AGENT → top_problems(limit=20)
  ← returns 143 problems ranked critical → warning → info
    [
      {"problem_type": "device_down", "severity": "critical",
       "summary": "Device cpn-nashville-cat9k1 is unreachable",
       "related": {"kind": "Device", "name": "cpn-nashville-cat9k1"}},
      {"problem_type": "link_down", "severity": "critical",
       "summary": "WAN_UPLINK johnmi2-MX75 ⇄ Internet is DOWN", ...},
      ...
    ]

AGENT (to user): "I see a critical device-down on cpn-nashville-cat9k1
                 and 8 WAN uplinks down.  Let me check the cat9k1 first."

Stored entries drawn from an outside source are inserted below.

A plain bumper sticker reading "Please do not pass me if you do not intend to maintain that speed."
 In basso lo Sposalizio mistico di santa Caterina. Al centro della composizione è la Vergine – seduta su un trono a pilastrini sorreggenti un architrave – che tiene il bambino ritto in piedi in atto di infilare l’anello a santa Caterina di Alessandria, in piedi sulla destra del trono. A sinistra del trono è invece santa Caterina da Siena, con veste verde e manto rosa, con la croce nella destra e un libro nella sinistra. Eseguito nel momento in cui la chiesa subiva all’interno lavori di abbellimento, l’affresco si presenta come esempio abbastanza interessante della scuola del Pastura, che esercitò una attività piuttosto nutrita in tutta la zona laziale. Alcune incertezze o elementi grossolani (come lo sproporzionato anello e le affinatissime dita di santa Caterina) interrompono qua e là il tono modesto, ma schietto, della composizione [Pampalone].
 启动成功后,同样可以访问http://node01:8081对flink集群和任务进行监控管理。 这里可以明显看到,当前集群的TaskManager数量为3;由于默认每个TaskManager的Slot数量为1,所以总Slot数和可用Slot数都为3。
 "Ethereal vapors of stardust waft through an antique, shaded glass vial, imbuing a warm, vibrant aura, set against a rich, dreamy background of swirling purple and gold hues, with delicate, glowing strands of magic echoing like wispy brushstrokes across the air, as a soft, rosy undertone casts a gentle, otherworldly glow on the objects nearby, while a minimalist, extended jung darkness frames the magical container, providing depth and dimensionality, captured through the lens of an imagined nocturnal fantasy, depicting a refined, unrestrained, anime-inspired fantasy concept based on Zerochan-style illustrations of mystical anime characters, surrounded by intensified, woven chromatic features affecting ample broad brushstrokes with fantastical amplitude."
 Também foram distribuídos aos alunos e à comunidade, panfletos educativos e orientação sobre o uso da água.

AGENT → topology_get(device="cpn-nashville-cat9k1", hops=1)
  ← {device, neighbors, interfaces, vlans, ...}

AGENT → history_get(element_name="cpn-nashville-cat9k1")
  ← {current: "unreachable", flap_state: "stable",
     history: [[1779215363027, "unreachable"]], ...}

AGENT (to user): "It's been unreachable continuously since 2026-05-13.
                 No flapping — this is a longstanding outage, not a
                 fresh failure.  Its neighbour cat9k2 is up, so the
                 path to the rest of the site is fine."

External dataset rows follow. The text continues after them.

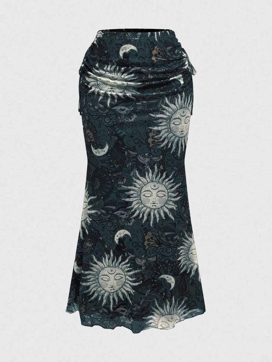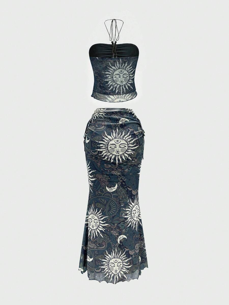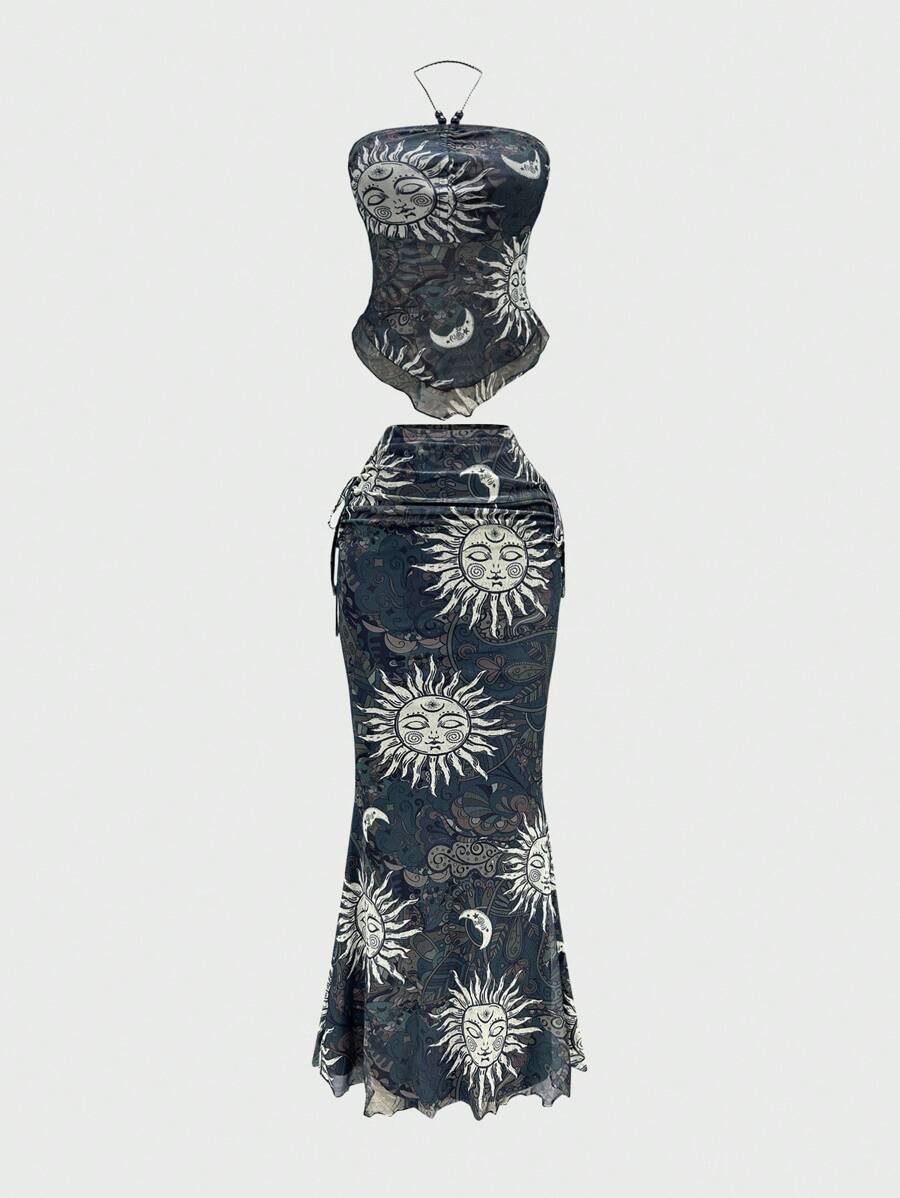 Hippie Y2K Celestial Motif Allover Print Top And Mini Skirt 2 Pieces Set For Women
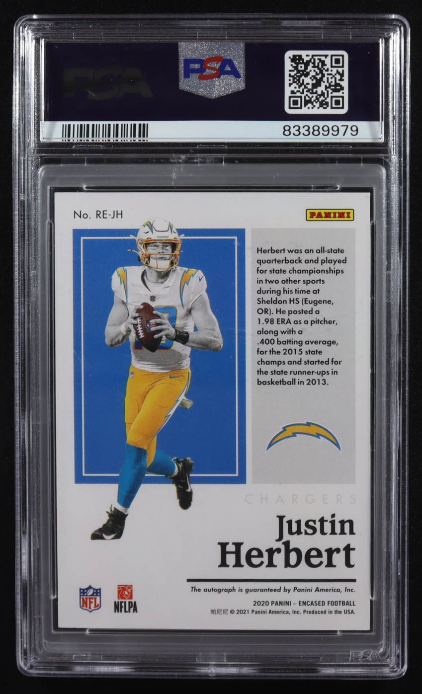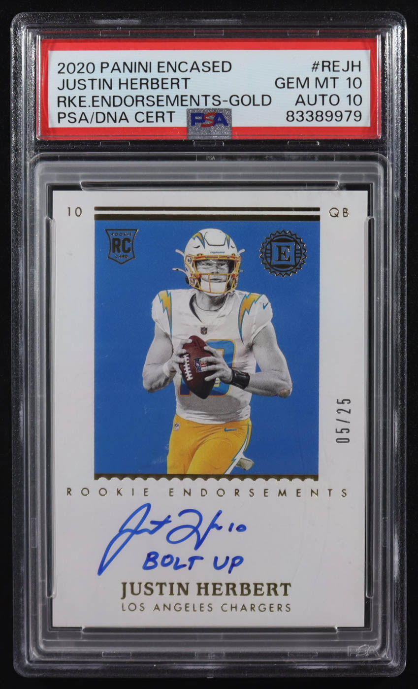 Justin Herbert Signed 2020 Panini Encased Inscribed "Bolt Up" Rookie Endorsements Gold #RE-JH RC #05/25 (PSA 10 | Autograph Graded PSA 10)
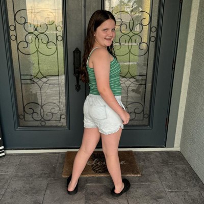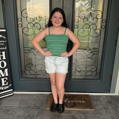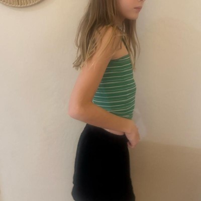 [This review was collected as part of a promotion.] This top reminds my child of a tube top with straps. My child chose the green color option and it is nice bold color that stands out with the light wash denim shorts my child paired with the top. The size XL 14 fits as expected. My child can add a cardigan to be able to wear this top to school. Otherwise, this is a great top to hang with friends. The material has stretch so it has a snug fit on my child. The length is just long enough to cover the full belly. This is a good addition for the wardrobe of the tween age. I received an incentive to write this review.
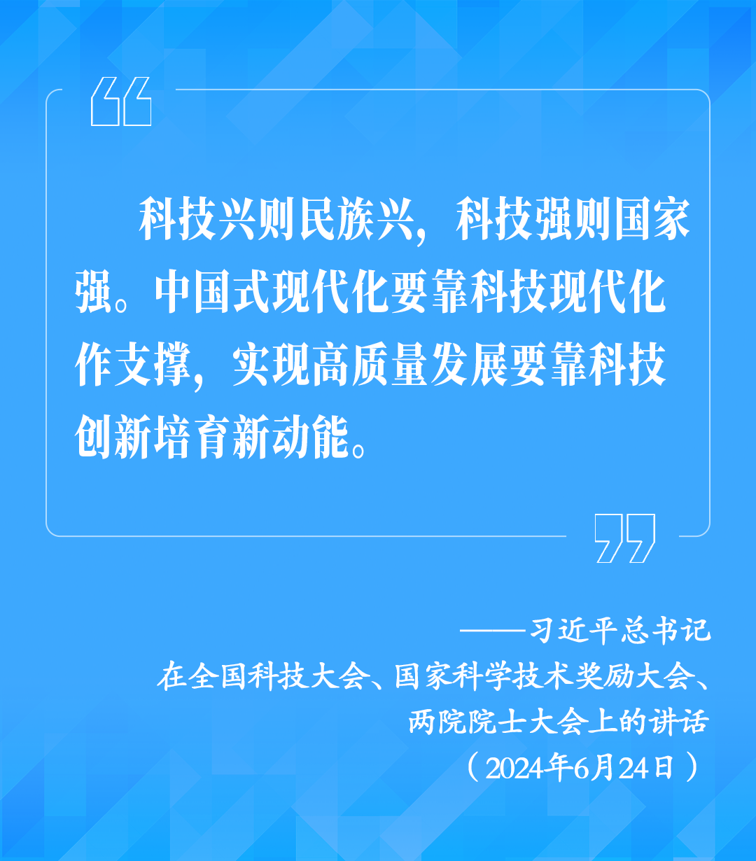 6月24日,全國(guó)科技大會(huì)、國(guó)家科學(xué)技術(shù)獎(jiǎng)勵(lì)大會(huì)、兩院院士大會(huì)在北京召開,習(xí)近平總書記為國(guó)家最高科學(xué)技術(shù)獎(jiǎng)獲得者等頒獎(jiǎng)并發(fā)表重要講話。總書記強(qiáng)調(diào),科技興則民族興,科技強(qiáng)則國(guó)家強(qiáng)。中國(guó)式現(xiàn)代化要靠科技現(xiàn)代化作支撐,實(shí)現(xiàn)高質(zhì)量發(fā)展要靠科技創(chuàng)新培育新動(dòng)能。
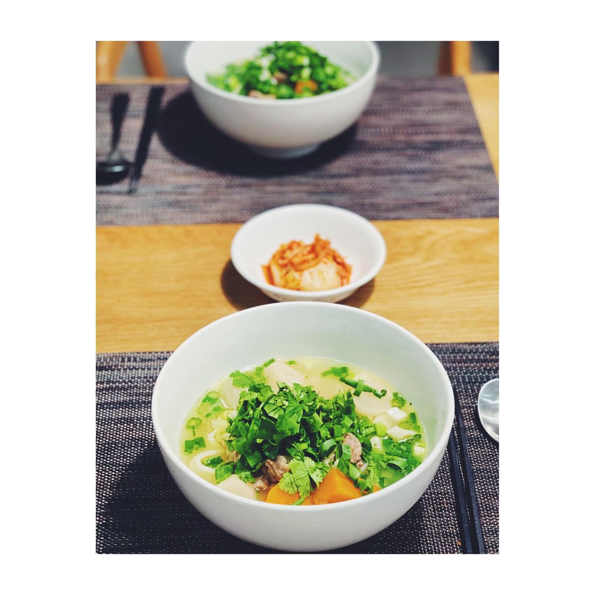 之前燉牛肉湯時每次都邊喝邊嚷嚷說「這個湯加麵一定很好吃」,哪乾脆今天就直接來吃清燉牛肉麵吧!而且今天這種天氣喝加了花椒跟白胡椒的湯最適合不過了!喝起來暖呼呼的,全身都熱起來~
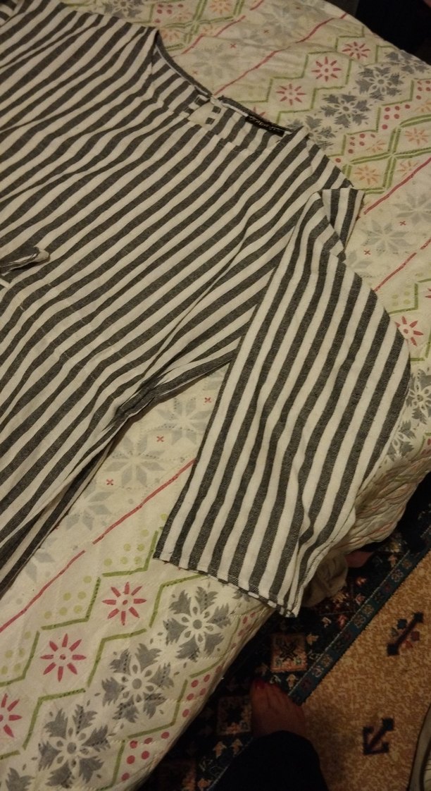 Gri çizgili, uzun kollu, düğmeli, tekne yaka, bol kesim Bohem ve vintage tarzda.

That entire flow is 3 MCP tool calls. No human had to hand the agent a Cypher query, no agent had to discover the schema by trial and error — every relevant question maps directly to a single single-purpose tool.

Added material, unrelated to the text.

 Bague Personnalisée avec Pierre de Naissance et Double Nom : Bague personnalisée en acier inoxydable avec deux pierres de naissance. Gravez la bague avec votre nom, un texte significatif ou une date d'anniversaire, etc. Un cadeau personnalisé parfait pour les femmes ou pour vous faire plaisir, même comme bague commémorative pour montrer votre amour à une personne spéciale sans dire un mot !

Verified scale (as of 0.6.0-dev16)

Against the live development graph:

  • 354 devices inventoried
  • 253 transit edges in the Links view (133 physical · 54 WAN · 70 SD-WAN tunnels)
  • 143 active problems ranked by top_problems
  • 27 MCP tools registered (9 agentic-ops + 18 pre-existing)
  • End-to-end protocol smoke test: JSON-RPC initializenotifications/initializedtools/call top_problems(limit=3) returns 3 of 143 real critical problems in <500 ms.

Roadmap

Things deliberately not yet shipped:

  • MCP auth — bearer token first, OAuth 2.1 later. See the auth section of the MCP reference.
  • stp_state history field — schema is ready (just add another entry to the correlator's _targets list), the connectivity strip will pick it up automatically.
  • Per-interface counters history — currently only the binary oper_status is tracked; util / error rate are point-in-time. Adding sliding-window history for numeric fields would let top_problems flag "slowly degrading errors" before they hit the hard threshold.
  • Cross-element correlation — when both an interface and the BGP session over it go down within seconds, top_problems should collapse them into one root-cause problem with the BGP entry as a consequence. Currently they're listed separately.